Ask HN: What do you use to manage your tasks? - kaghaffa

I know there are a million and one task management tools out there (including plain old sticky notes) - I&#x27;m just wondering which ones work best for you.
======
weef
I use MyLifeOrganized for Windows. I'm a big fan of creating hierarchical
lists of projects and tasks and this tool allows me to do that.

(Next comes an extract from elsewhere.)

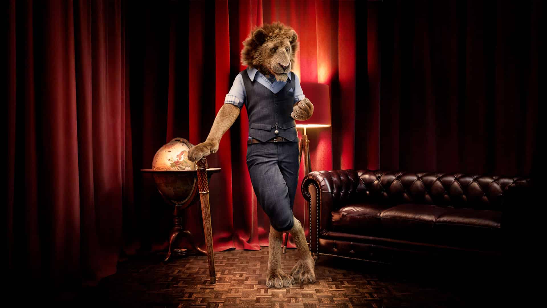 A regal lion is reimagined as a refined gentleman, impeccably dressed in a tailored waistcoat and trousers within a plush drawing room. Warm lamplight sculpts rich textures—the sheen of a leather armchair, the patina of an antique globe, and deep red curtains—while meticulous fur grooming, fabric simulation, and nuanced shaders elevate realism. Composed like a classic portrait, this CGI illustration fuses wildlife majesty with aristocratic elegance, creating a striking, cinematic character study that feels timeless and delightfully unexpected.

My organization uses FogBugz to manage our releases, projects, and tasks and I
can't say enough great things about that software.

------
ashwin_kumar
Mostly Trello..

Droptask ([http://droptask.com/](http://droptask.com/)) for a change.

------
visakanv
I use Asana for work, and I use the checkboxes on the Momentum chrome app. I
don't always follow that religiously, so I write things out on pen and paper
every couple of days or so if I'm feeling chocked. Not super efficient, but
it's sort of working for me.

------
ereckers
Trello + Highrise + Bitbucket/Github Issues + Email + Calendar

Now that I look at it like this. What a mess. A necessary mess I'm afraid.

------
attilagyongyosi
On our current project (which is quite big) we use Mingle.

------
rachelandrew
OmniFocus for my own stuff, Trello for team tasks.

------
ASquare
Trello + Google Docs Works like a champ.

------
edoceo
Slack feeding a task list bot.